YOUR INSTRUCTIONS>
Using the data below, return word for word every line from the one holding "- Луксозен кожен" down to the one holding "COOFANDY Men’s 2". Leave pictures out.

____ DATA SUPPLIED

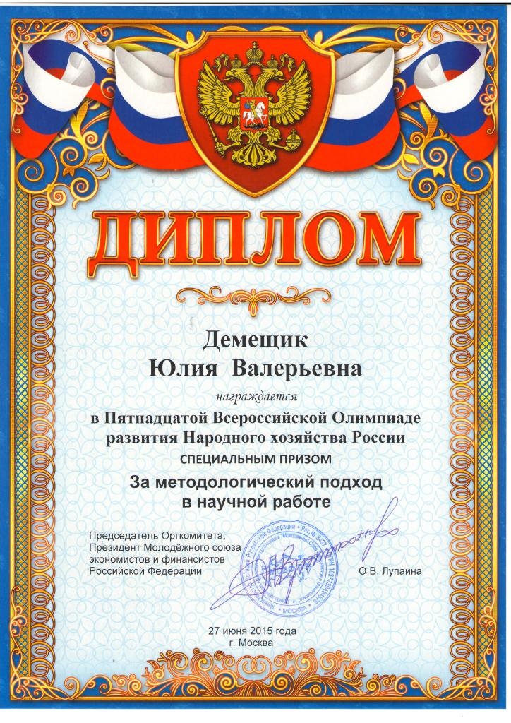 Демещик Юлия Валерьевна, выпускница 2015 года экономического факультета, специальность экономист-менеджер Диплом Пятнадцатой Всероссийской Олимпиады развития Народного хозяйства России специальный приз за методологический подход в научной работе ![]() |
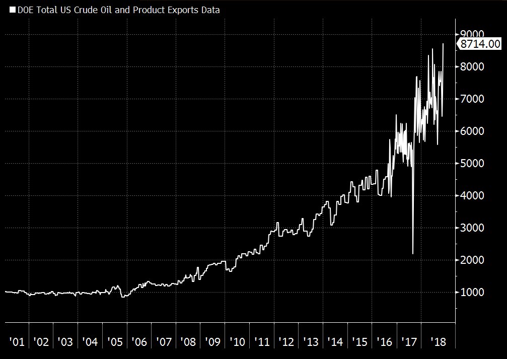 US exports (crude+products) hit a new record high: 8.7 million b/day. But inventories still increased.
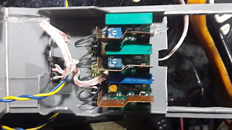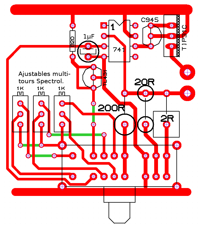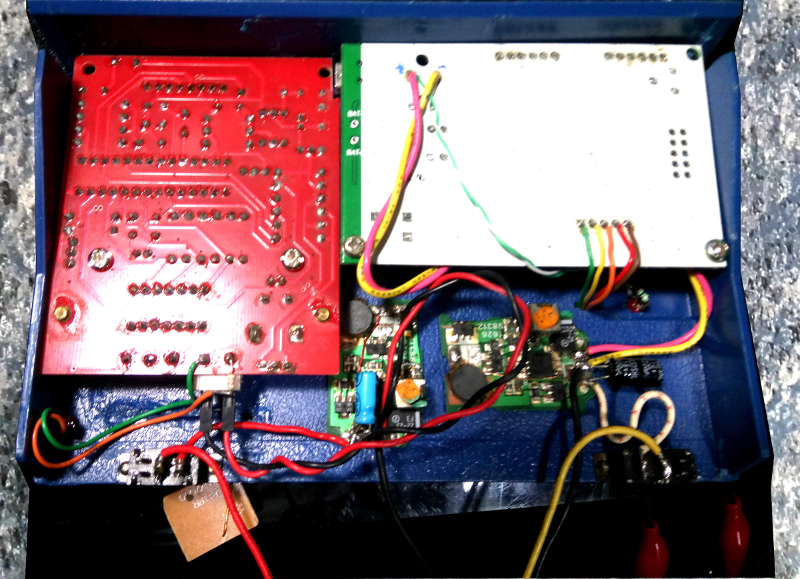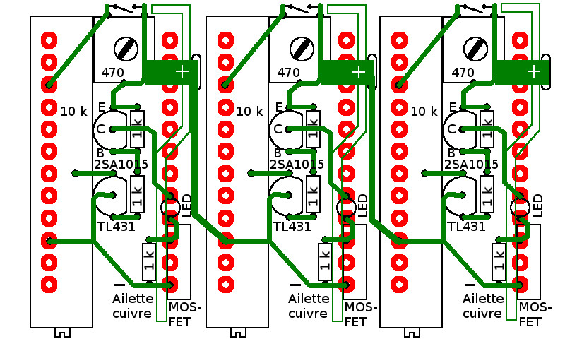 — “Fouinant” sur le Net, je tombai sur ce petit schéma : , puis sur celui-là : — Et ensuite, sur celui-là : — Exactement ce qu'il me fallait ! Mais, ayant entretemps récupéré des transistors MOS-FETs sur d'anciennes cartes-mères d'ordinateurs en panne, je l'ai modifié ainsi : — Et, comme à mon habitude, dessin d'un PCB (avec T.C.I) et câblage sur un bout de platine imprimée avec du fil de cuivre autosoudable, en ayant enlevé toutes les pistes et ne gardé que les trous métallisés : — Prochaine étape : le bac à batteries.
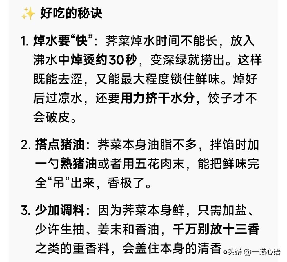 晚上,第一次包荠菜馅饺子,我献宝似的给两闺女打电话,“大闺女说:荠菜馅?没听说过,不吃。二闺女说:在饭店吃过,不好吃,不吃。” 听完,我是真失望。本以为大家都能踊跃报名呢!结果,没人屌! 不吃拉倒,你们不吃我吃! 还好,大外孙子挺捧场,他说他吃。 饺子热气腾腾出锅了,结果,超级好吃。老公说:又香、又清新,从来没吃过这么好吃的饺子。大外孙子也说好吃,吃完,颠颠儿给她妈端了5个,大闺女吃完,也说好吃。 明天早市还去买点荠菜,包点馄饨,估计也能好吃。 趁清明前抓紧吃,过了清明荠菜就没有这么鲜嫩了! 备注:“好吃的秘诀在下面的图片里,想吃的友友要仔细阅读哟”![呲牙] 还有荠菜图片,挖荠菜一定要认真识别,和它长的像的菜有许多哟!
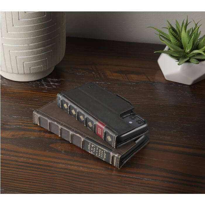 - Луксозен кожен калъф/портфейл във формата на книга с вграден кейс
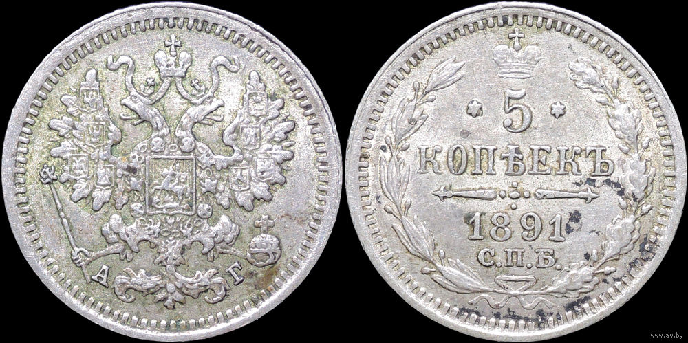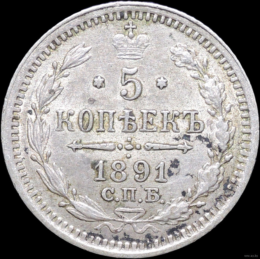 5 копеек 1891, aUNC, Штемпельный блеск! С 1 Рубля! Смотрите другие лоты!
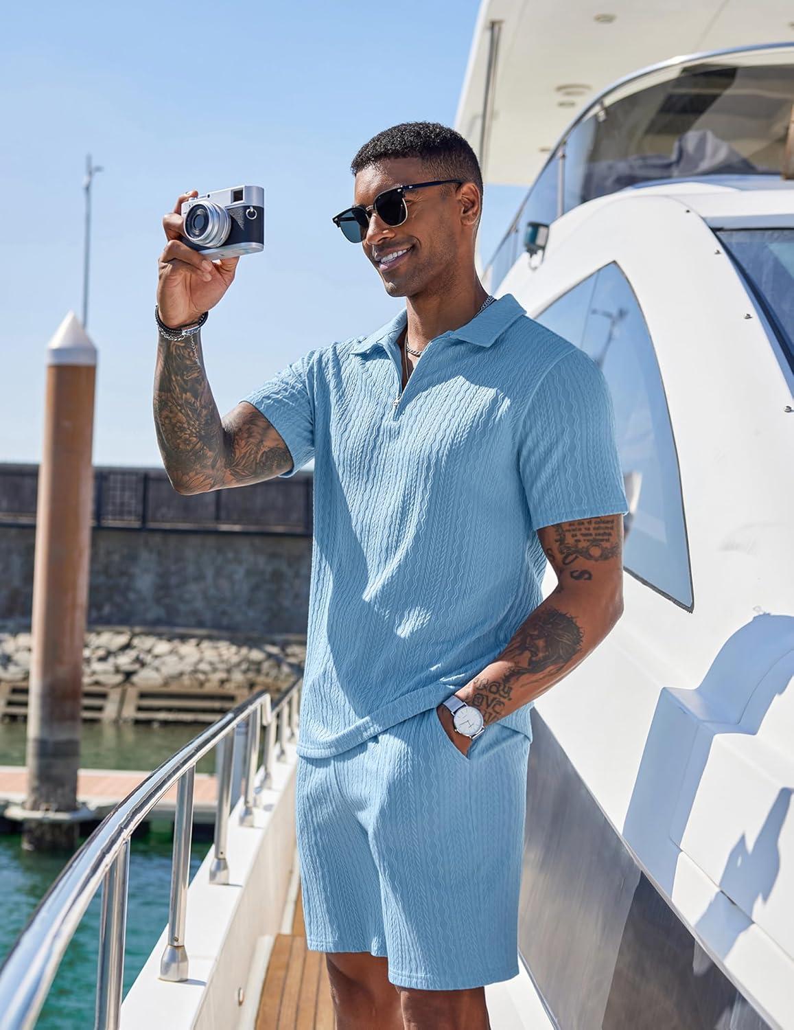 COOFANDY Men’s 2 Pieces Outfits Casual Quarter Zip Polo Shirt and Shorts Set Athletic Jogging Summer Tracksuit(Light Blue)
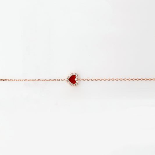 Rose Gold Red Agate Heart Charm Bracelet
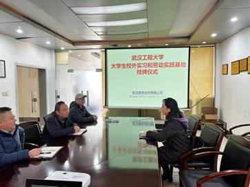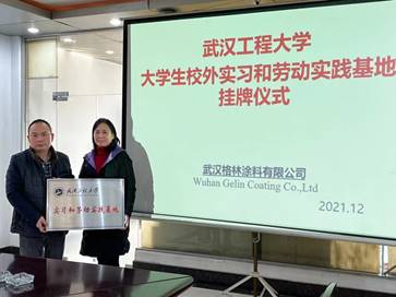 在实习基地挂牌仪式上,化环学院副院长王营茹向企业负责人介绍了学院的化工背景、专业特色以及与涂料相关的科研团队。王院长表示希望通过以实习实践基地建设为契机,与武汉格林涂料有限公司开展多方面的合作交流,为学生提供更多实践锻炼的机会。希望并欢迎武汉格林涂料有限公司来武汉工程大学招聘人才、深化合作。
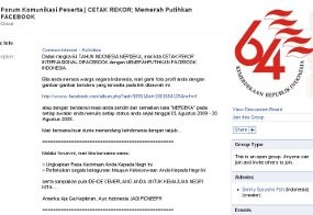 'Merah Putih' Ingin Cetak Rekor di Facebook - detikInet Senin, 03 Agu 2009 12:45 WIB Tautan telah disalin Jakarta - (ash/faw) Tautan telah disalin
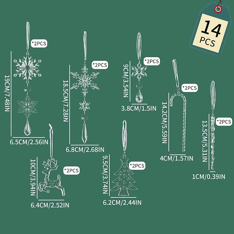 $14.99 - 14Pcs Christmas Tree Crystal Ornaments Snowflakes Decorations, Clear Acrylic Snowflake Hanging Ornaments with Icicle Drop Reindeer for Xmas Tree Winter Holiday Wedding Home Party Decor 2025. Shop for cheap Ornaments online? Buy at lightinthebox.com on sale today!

________

OUTPUT OF THE EXERCISE>
 - Луксозен кожен калъф/портфейл във формата на книга с вграден кейс
 5 копеек 1891, aUNC, Штемпельный блеск! С 1 Рубля! Смотрите другие лоты!
 COOFANDY Men’s 2 Pieces Outfits Casual Quarter Zip Polo Shirt and Shorts Set Athletic Jogging Summer Tracksuit(Light Blue)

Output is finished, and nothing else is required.